Quelle est votre BO de film préférée de tous les temps ?
Ça se joue entre celle de Taxi Driver par Bernard Herrmann, qui me donne des frissons et celle de Scarface par Giorgio Moroder.
Et la BO de film que vous préférez parmi les films dans lesquels vous avez joué ?
Celle de Trouble Every Day (2001) de Claire Denis, écrite par les Tindersticks, est magnifique. Cette musique me fend le cœur et colle parfaitement au film.
Aimez-vous les comédies musicales ?
Pas du tout ! J’y suis allergique, pourtant j’adore le cinéma et la musique. Mais voir les gens chanter et danser en même temps, je trouve ça benêt. L’émotion est plus pure quand un musicien se produit sans jouer en même temps la comédie. Si on me met La La Land, je peux mourir. Ce film ne me parlera jamais, il n’y a rien à faire (rires).
Quel est votre clip préféré ?
Thriller de Michael Jackson était un choc. Surtout qu’on était au tout début du vidéo clip. Money for Nothing de Dire Straits aussi, qui était l’un des premiers clips créés par ordinateur, il me semble. Aujourd’hui, il semble très laid car il a mal vieilli, mais à l’époque, c’était une claque. Ca parle à l’enfant qui est en moi car c’est ce qui m’a plu quand j’étais jeune. Aujourd’hui, je ne suis plus sûr de regarder des clips…
« Toute l’histoire du mec qui n’a pas eu l’estime qu’il méritait me touche vraiment. » Nicolas Duvauchelle
Si vous deviez jouer le rôle d’un chanteur dans un biopic, qui voudriez-vous que ce soit ?
Le chanteur américain Mark Lanegan (Screaming Trees, Mad Season, Queens of the Stone Age). Je l’adore et il n’a pas eu le succès qu’il méritait. Il a une voix incroyable, encore plus grave que la mienne. Toute l’histoire du mec qui n’a pas eu l’estime qu’il méritait me touche vraiment. C’est un poète maudit, qui a influencé de nombreux musiciens, malgré ses nombreuses collaborations.
Et si quelqu’un devait jouer votre rôle dans un biopic…
J’espère ne pas mourir tout de suite… Ma vie n’est pas si dingue que ça, à part faire des films… Je ne sais pas ce que le réalisateur raconterait.
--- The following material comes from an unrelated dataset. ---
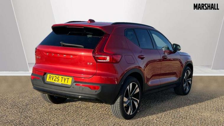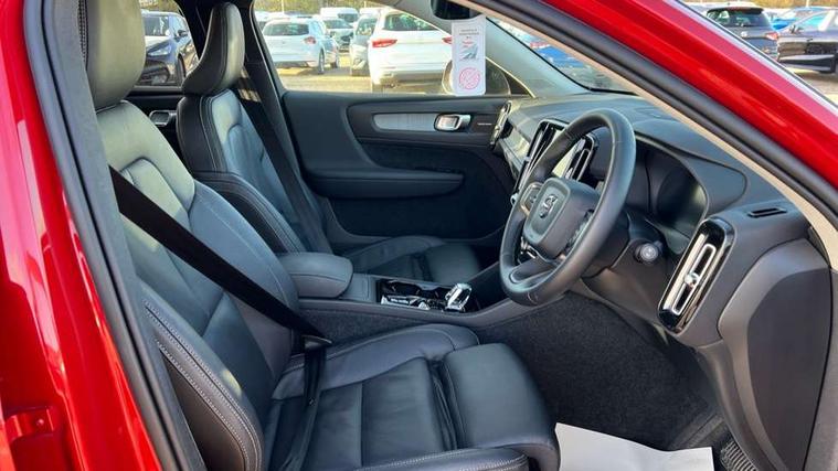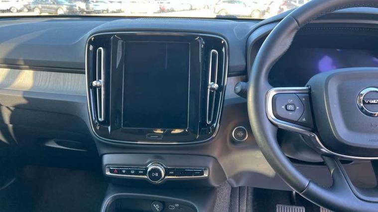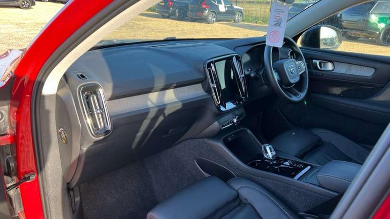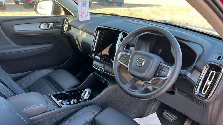 12.3" Progressive Driver Display, 360 degree surround view parking camera with side proximity sensors, 9" centre console portrait touch screen, Adjustable steering wheel force, Android auto (Wired), Apple carplay (wired), Bluetooth handsfree system, Driver alert control, Driver assistance (pilot assist and adaptive cruise control), Driver awareness - Blind spot information system with steer assist, cross traffic alert with autobrake and rear collision warning and mitigation, E-call, Front park assist, Google automotive services - Enabled entertainment apps, navigation with google maps, voice recognition with google assistant, Hands free power tailgate, Intelligent speed assistance, Lane keeping aid, Oncoming Lane Mitigation, Rear park assist, Speed sensitive steering, Volvo cars services with app - Driving journal, emergency and breakdown call, engine remote start, remote door locking/unlocking and vehicle dashboard, Wireless/Inductive Mobile Phone Charging, Automatic transmission with start/stop and manual change functions, Dynamic chassis, DAB Digital radio, Premium Sound by Harman Kardon, Dolby Pro Logic II Surround Sound, Dirac Unison, 12 speakers/600W and subwoofer, Steering wheel mounted remote controls, Active bending pixel LED headlights with adaptive shadow technology, Active high beam incorporating daytime running lights, Adaptive brake lights with high level LED brake lights, Auto dimming feature for exterior door mirrors, Auto dimming interior mirror, Automatic headlamp levelling, Dark tinted windows - rear side windows and rear screen, Front aluminium tread plates, Front and rear electric windows, Headlight cleaning system, High gloss black front and rear skid plate, High gloss black front bumper deco, High gloss black mesh front grille with high gloss black surround, High gloss black window trim, Home safe and approach lighting, Integrated roof rails in high gloss black, LED front fog lights with cornering function, Power glass tilt and slide panoramic sunroof with sun curtain, Puddle lights, Rain sensor with automatic windscreen wiper activation, Rear side wing doors, Rear wiper, Roof antenna, Roof spoiler, Visible VIN plate, 12V socket in front tunnel console and luggage compartment, 2-Zone electronic climate control with CleanZone air quality system and pollen filter, 3 seat bench in 2nd row, 3 Spoke tailored steering wheel with chrome trim, 60/40 versatile split folding rear seat, Centre console cupholders and storage, Flexible load floor and grocery bag holder, Floor mats, Front cabin courtesy lights, Front door pocket, front cupholder, ambient front door, rear reading, rear courtesy, instrument panel and tailgate lighting, Front footwell illumination, Front headrests, Front reading lights, Front seat cushion extensions, Front side step illumination (under door), Glovebox bag hook, Heated front seats, Height/reach adjustable steering column, High gloss centre tunnel deco, Illuminated glovebox, Illuminated luggage compartment, Illuminated vanity mirrors + ticket holder, Integrated waste bin, Isofix attachments on outer rear seats, Load cover, Load protection net, Multi directional lumbar support for driver and passenger seat, Power driver seat with memory + exterior mirrors memory, Power folding rear headrests, Power passenger seat, Rear armrest with cupholders, Single front passenger seat, Underfloor cargo storage, Climate pack without heated front seats - XC40, 3x3 point rear seatbelts, City safety with steering support with Pedestrian + cyclist + front collision warning with full auto brake and rear auto brake, Driver and passenger airbags, Drivers knee airbag, Electronic parking brake with auto hold, First aid kit, Front and outer rear seatbelt reminder and pretensioners, Front seats SIPS airbags, Hill descent control, Hill start assist, Inflatable curtain, Passenger airbag cut-off device, Power child locks on rear doors, Road sign information display, Run off Road Protection, SIPS (Side Impact Protection System), Slippery road and hazard light alert, Stability and Traction Control with Spin control, Engine Drag Control and Corner Traction Control, Tyre pressure monitoring system, Vehicle deceleration control with Anti-lock Brake System, Electronic Brake Distribution and Emergency Brake Assist, Warning triangle, WHIPS whiplash protection system - front, 2 x Key integrated remote control central locking including with deadlocking system and auto open/close windows and sunroof, Anti-theft alarm including immobiliser/volume sensor + level sensor, Keyless drive includes keyless entry and keyless start, Locking wheel nuts,

Mais je dirais le petit Sandor Funtek (qui a joué dans Suprêmes) qui n’est d’ailleurs pas si petit que ça…
Y-a-t-il une chanson qui résume parfaitement votre vie ?
The Past Recedes de John Frusciante. C’est quelqu’un qui revient de loin. On connaît surtout sa participation aux Red Hot Chili Peppers mais sa carrière solo et sa vie sont incroyables. J’aime le fait qu’il soit, à un moment donné, parti du groupe, pour créer de la musique que presque beaucoup moins de personnes écoutent. Il va jusqu’au bout de qu’il aime faire, sans que ce soit des chansons normées, sans pression de la maison de disque, ni compromis pour les radios.
Chambre Noire featuring Nicolas Duvauchelle et Zoé Colotis – Paroles, paroles (2023). Les Rois de la Piste (2024) de Thierry Klifa avec Fanny Ardant, Nicolas Duvauchelle et Matthieu Kassovitz, actuellement au cinéma. L’acteur sera bientôt à l’affiche du film Brûle le sang (2024) d’Akaki Popkhadze et de la série Citoyens clandestins (2023) de Laetitia Masson, avec Raphaël Quenard.